In 1969, Bamberger became Dean of the Columbus School of Law at The Catholic University of America, where he established one of the first clinical programs in the country, and taught Civil Procedure and Professional Responsibility. In 1975, Bamberger left Catholic University to become the Executive Vice President of the Legal Services Corporation. Maintaining that he had spent much time as a legal services bureaucrat and advocate, and never as a legal services attorney, Bamberger left the Legal Services Corporation in 1979 to become a staff attorney and clinical instructor at the Legal Services Institute (LSI) in Boston, where he worked closely with Gary Bellow and Jeanne Charn.

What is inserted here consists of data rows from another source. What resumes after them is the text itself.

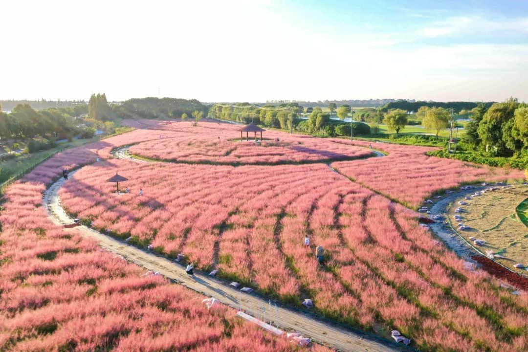 淀山湖花海公园、周庄镇双庙村和万三酒庄都种植了粉黛乱子草,如今正是最佳观赏期,大片大片的粉黛乱子草将大地染成一片粉色。
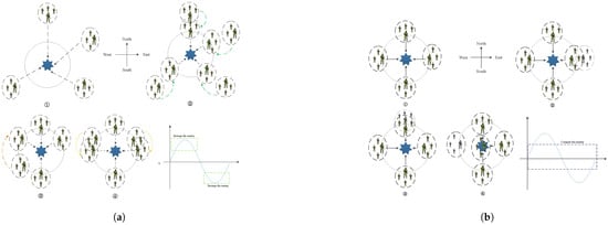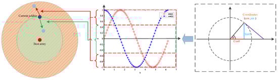 where rand is a random constant in the range of [0, 1]. To speed up the convergence rate, a trigonometric function (including sine and cosine functions) is added to disturb the soldiers’ migration position. Since the trigonometric function changes in both positive and negative directions in the range, it promotes the diversity of soldiers in location migration and avoids local stagnation. The right of Figure 4 shows the wave pattern of trigonometric functions. As shown in Figure 4, the effects of the sine and cosine functions with the range in [−1, 1] illustrate the direction of the soldier’s migration location, whether away from or near the current best army. This mechanism ensures that the BCA explores and exploits a significant amount of search space. The parameters are implemented with Equations (8) and (9).
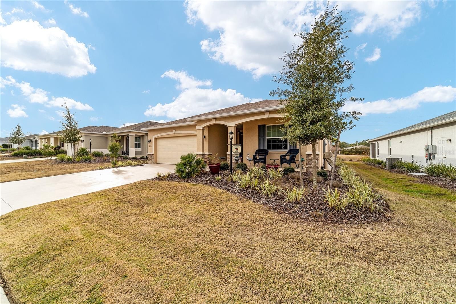 Privacy Lot: Don’t build a new home when you can have this gently used snowbird 2022 “Smart home” Sunflower that has many upgrades. This 3 bedrooms, 2 full bathrooms and an extended 2 car garage, offers cutting edge Alexa compatible devices for ultimate convenience. The Kitchen takes center stage, with staggered wood cabinets, featuring a large island with pendant lighting perfect for entertaining and additional seating. It is equipped with quartz countertops, glass mosaic backsplash, under-cabinet lighting, stainless steel appliances, and a spacious eat-in area, all seamlessly connected to the great room. This home showcases elegant crown molding in the main area, adding a touch of sophistication throughout. The spacious primary bedroom offers an en suite with a large walk-in tiled shower with duel sinks and quartz countertop. The upgraded 20x20 ceramic tile flooring throughout adds beauty and durability to the living spaces and accents the custom paint and 9 foot ceilings. This home includes a screened-in lanai and spacious front porch, offering plenty of room for seating and relaxation. The seller has also added gutters and a full house water softener. This home is also conveniently located near the Arbors, Health and Rec Center and directly across the street from the mailbox. It features curbside trash and lawncare allowing extra time to experience all of the amenities OTOW has to offer. The seller is motivated to offer a true turnkey experience by offering a completely furnished or partial furnished home as options. There is an additional refrigerator in the garage with golf cart, electric bicycles, patio furniture and washer/dryer. Crescent Ridge 4 is a welcoming community which hosts its own potluck picnics and weekly low stress pickle ball for those who are learning the game. Put this on your list as a must see.
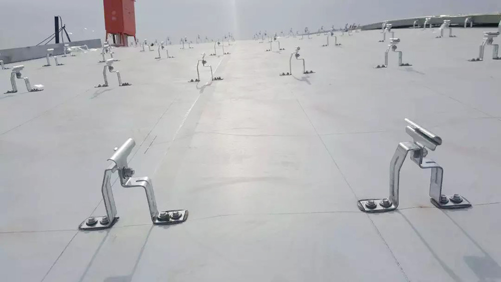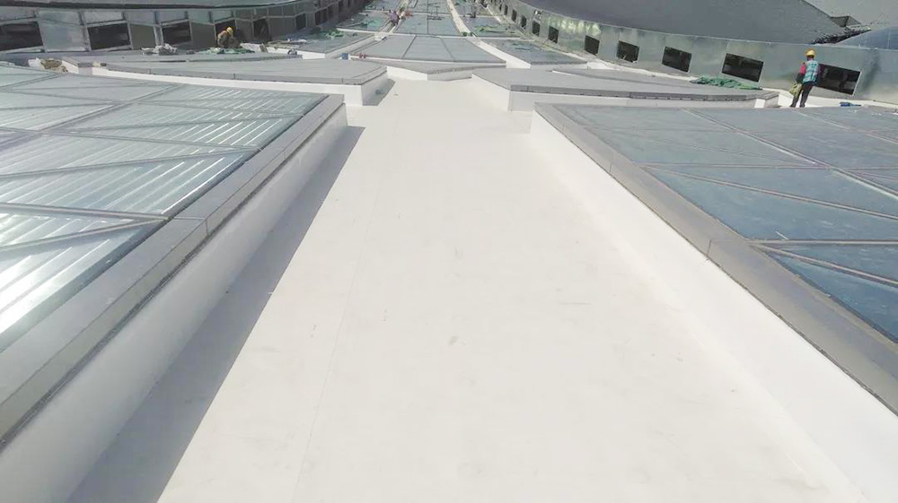該項目屋面防水等級為一級,在屋面圍護系統(tǒng)中,指廊部分采用1.5mm織物內(nèi)增強型TPO防水卷材設(shè)置于鍍鋅鋼板與巖面保溫層間,通過鍍鋅鋼支座機械固定于幾字形檁條,搭接邊采用熱風(fēng)焊接工藝。核心區(qū)與指廊區(qū)采光帶間、采光帶與屋面間通過天溝進行分隔,天溝部分采用2.0mm織物內(nèi)增強型TPO防水卷材,防水層采用底部無穿孔固定+天溝側(cè)壁滿粘的工法,防水層完成后卷材直接外露使用。

Controversy and politics surrounding LSI forced Bamberger’s departure. In 1982, Bamberger became Professor of Law and Director of Clinical Education at the School of Law of the University of Maryland. While at the University of Maryland, he served as the attorney for Denise Sampson in Ronald Fishkind Realty v. Sampson, 306 Md. 269, 286, 508 A.2d 478, 487 (1986). Bamberger became very involved in international legal aid, especially in South Africa, Australia, Nepal, and the Netherlands, and frequently traveled abroad, lecturing about international legal aid and clinical education. He retired emeritus from the University of Maryland in 1991.

In addition to the oral history interview, the NEJL collections include the Clinton Bamberger Papers, a rich resource of many unique materials documenting Bamberger’s career, as well as the development of legal services since the 1960s.